Ablation Crater Measurements on Cornea Tissue

Various pulse energies between 0.02 and 1.0 mJ at a duration of 75 μs were tested to experimentally determine the ablation threshold of the cornea. With an average FWHM beam diameter of $\sim 50\mathrm{\mu m}$, craters began to form at a pulse energy of 0.1 mJ corresponding to an energy density of $\sim 5\mathrm{J}/{\mathrm{cm}}^2$. Single-pulse craters were formed on hydrated cornea tissue using this near-threshold pulse energy of 0.1 mJ. Pulse energy was measured with a pyroelectric detector (ED-100A, Gentec, Saint-Foy, Canada) near the tip of the probe. Single-, three-, and five-sphere structures were tested, and the tissue was imaged and measured with an FS70 Mitutoyo microscope equipped with a CCD camera (Edmund Optics, Barrington, NJ). Since each sphere chain configuration (one, three, or five spheres) attenuated the energy differently, attenuation of the laser output was adjusted to normalize each configuration to an incident energy of 0.1 mJ on the tissue surface. Over 50 craters for each structure were measured, and the average crater widths are shown in Table 1 along with representative images for each in Fig. 6.

Table 1

Corneal ablation crater dimensions at pulse energies of 0.1 mJ (S.D.=10  μm).

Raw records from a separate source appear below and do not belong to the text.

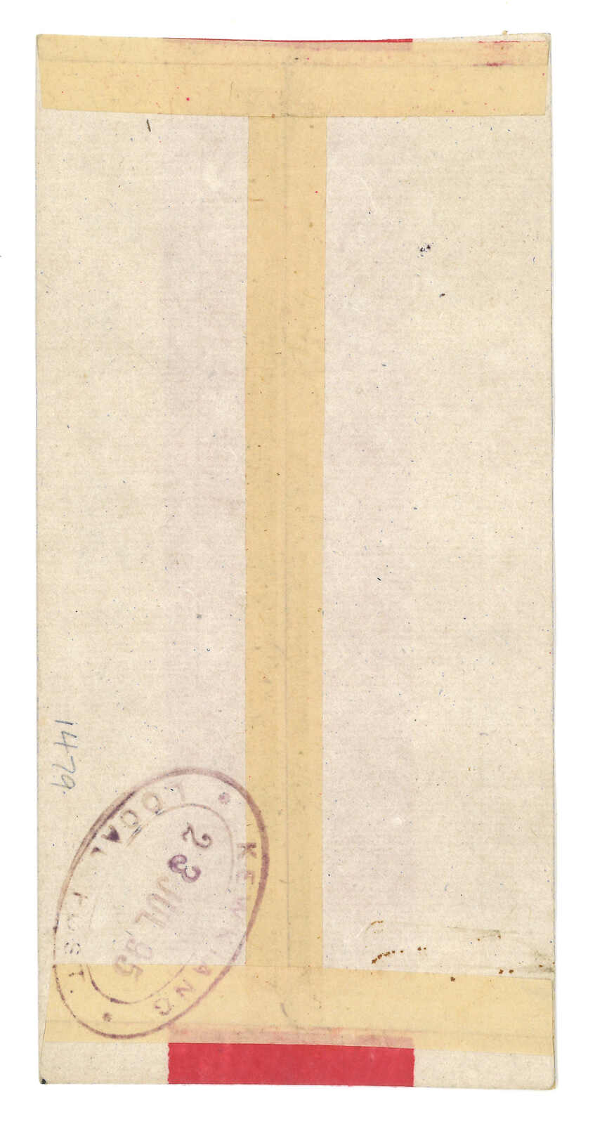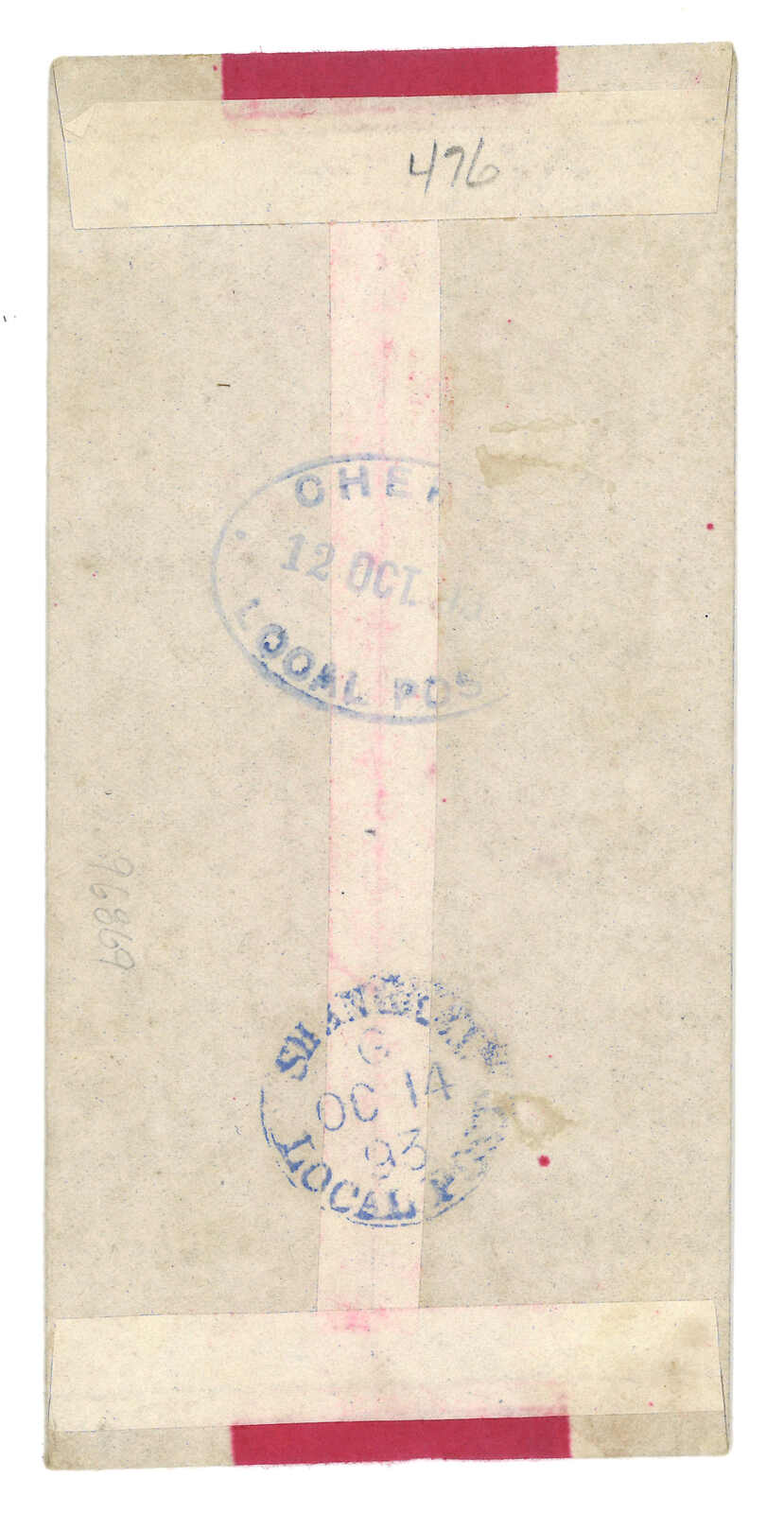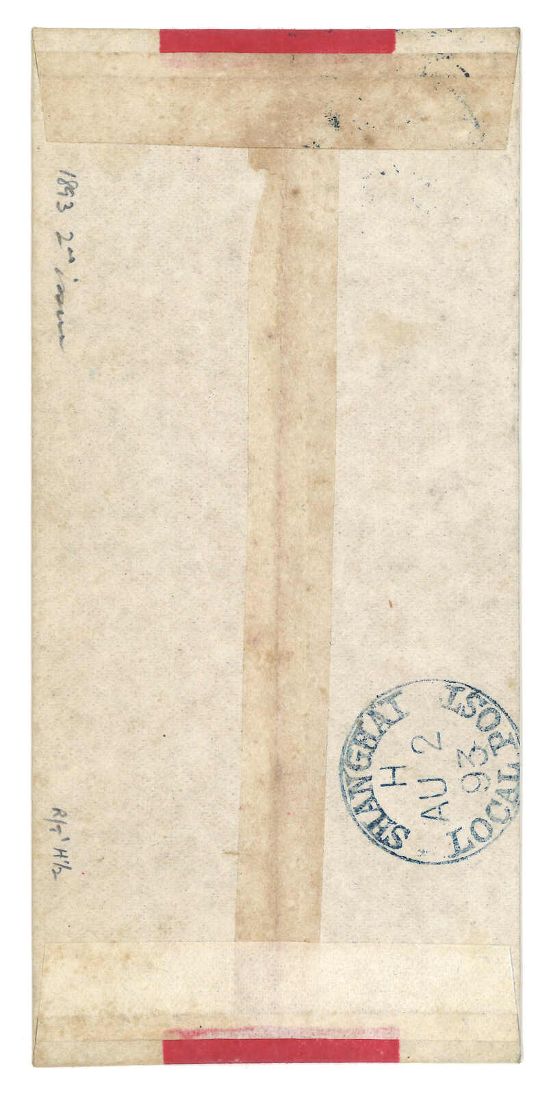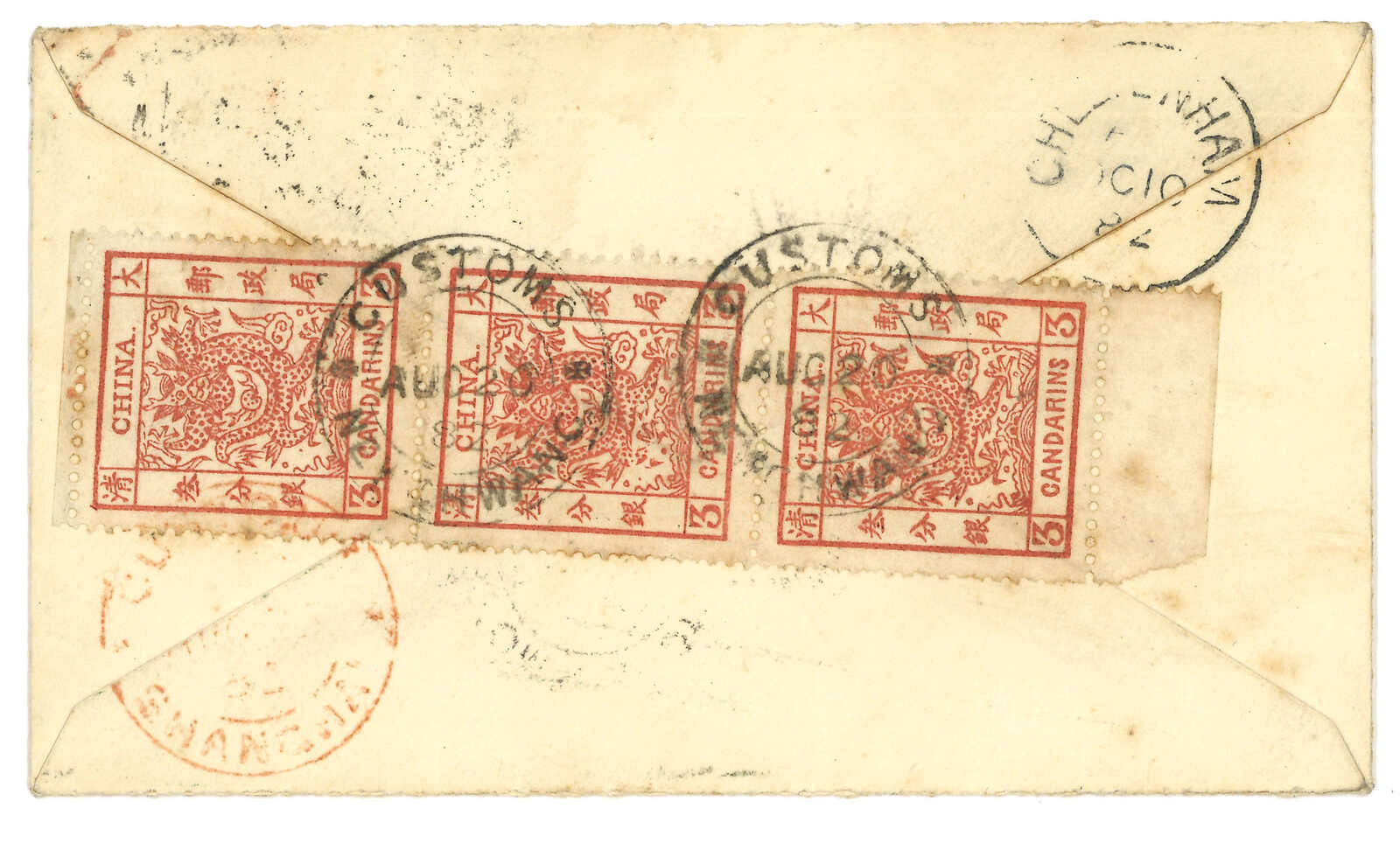 49 cover image1882. Newchwang (20 Aug) to England. F.w. marginal vertical strip of three 3-ca Large Dragons, cancelled by CUSTOMS NEWCHWANG cds.Transit CUSTOMS SHANGHAI (? Aug). Additionally affixed with French 25 ctm stamp cancelled by ‘SHANG-HAI CHINE’ French P.O. cds (25 Aug) with another alongside. French transit (8 Oct), Cheltenham arrival (10 Oct).
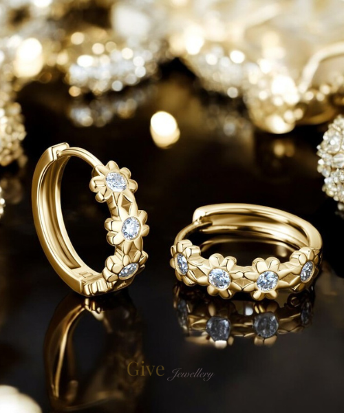 Give – oorbellen versierd met delicate bloemen en moissanite stenen
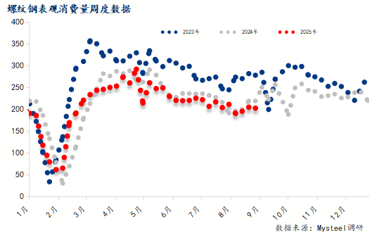 回顾Mysteel建筑钢材全样本口径数据,2024年8月,螺纹钢市场的表观消费量周均值在204.01万吨,全月最高值在215.62万吨。2025年8月份,周均值200.63万吨左右,表观消费量周度最高在210.79万吨,周均较去年同期低1.66%,降幅收窄。8月份市场市场整体需求表现一般,在传统淡季中保持了稳步增长的水平,9月份虽然“金九银十”的概念淡化,但需求仍有季节性的恢复。 Mysteel建筑企业调研数据显示,2025年8月实际钢材采购量579万吨,较预计采购量减少0.4%,实际采购量月环比增加3%;9月份企业计划钢材采购量613万吨,根据8月份实际采购量、商家计划采购量以及当前市场表现来预估,9月份实际采购量月环比或将增加5%左右。
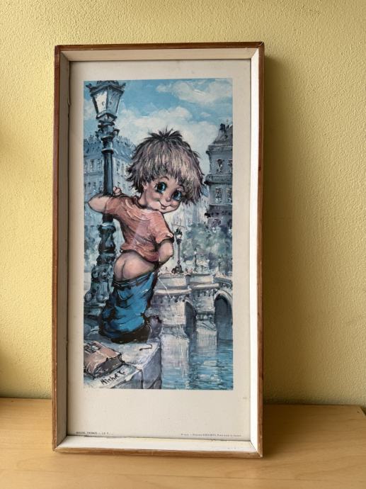 Raritetna Vintage uokvireno dimenzije 39 cm x 20 cm. Originalnvintage reprodukciju (tisak na kartonu) poznatog francuskog umjetnika Michela Thomasa. Riječ je o kultnom motivu "Le Pisseur" (Dječak koji piški) iz njegove serije pariških uličnih mangupa s velikim očima (Poulbots).
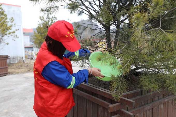 “這些樹苗剛剛移栽過來,要多呵護,才能茁壯成長”。礦區(qū)東側的污水處理站院內,志愿者劉小麗正在為移栽來的雪松澆水。
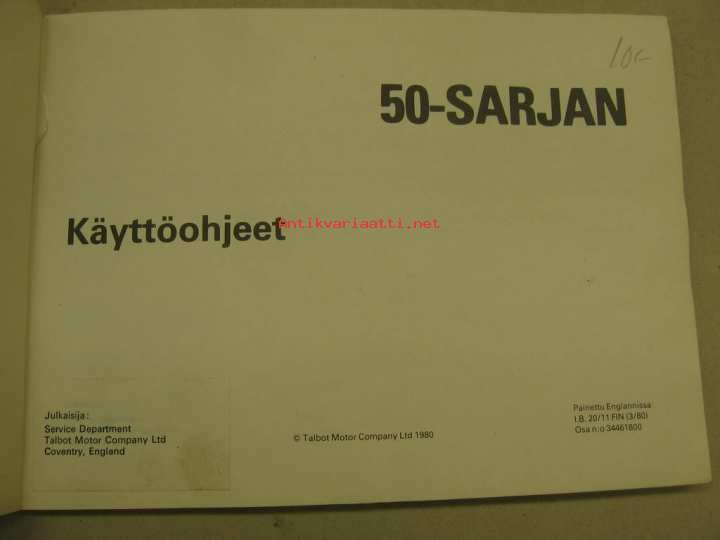 Talbot Motor Co Ltd, 1980A-5 kokoinen omistajan käsikirja.
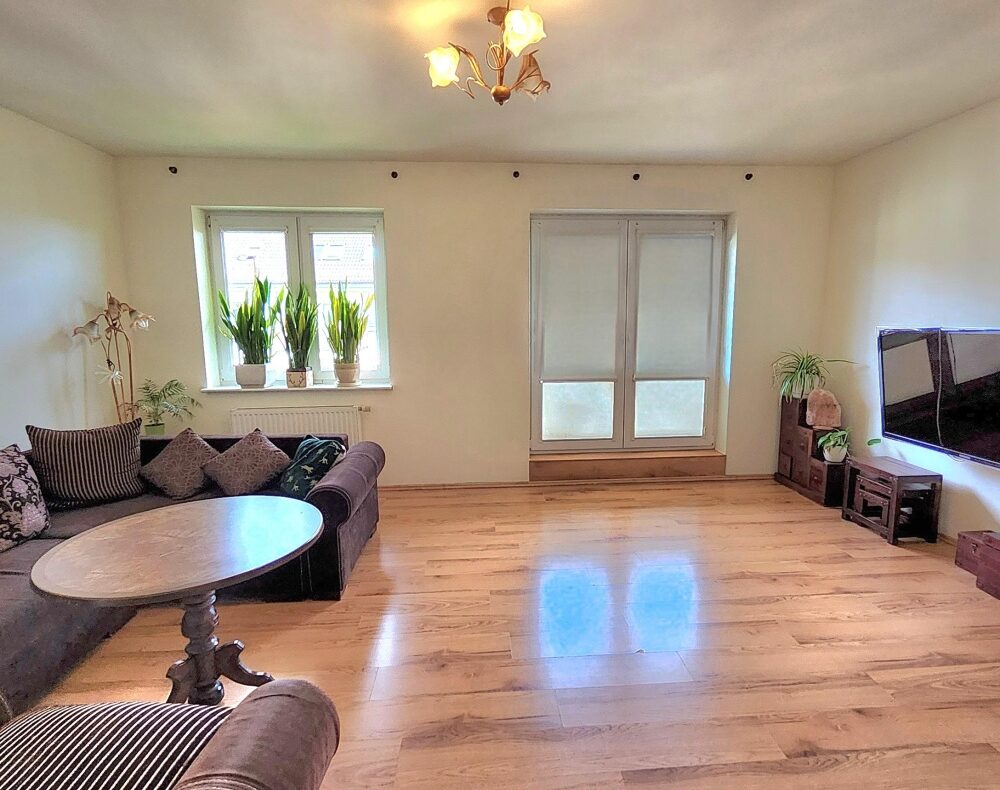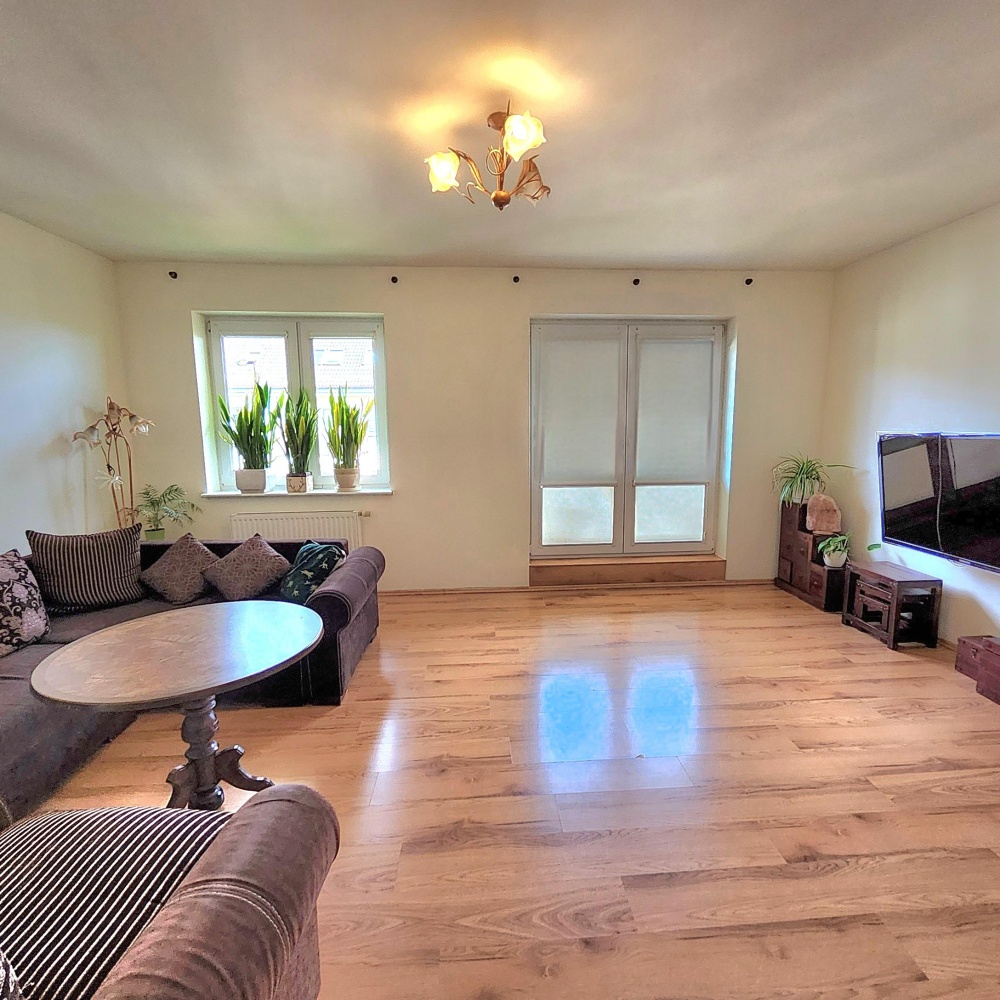 trzy ustawne pokoje: dwa większe (ok. 17 m² każdy) oraz jeden mniejszy (ok. 8 m²) – idealne jako sypialnie, pokoje dziecięce lub gabinet,

Histologic analysis was performed on the corneas to quantify ablation crater and thermal damage depths. The crater diameters were measured by light microscopy immediately after the procedure, and then the eyes were placed in formalin. Eyes were sectioned and the extra material was discarded, leaving only the polar cornea region. The corneas were trimmed for histological processing, and various samples were stained with either trichrome or hematoxylin-eosin. The craters were viewed and measured with the Mitutoyo microscope. Over 10 trichrome-stained histology craters for each structure were measured, and the average crater depths are shown in Table 1 along with representative images for each shown in Fig. 6.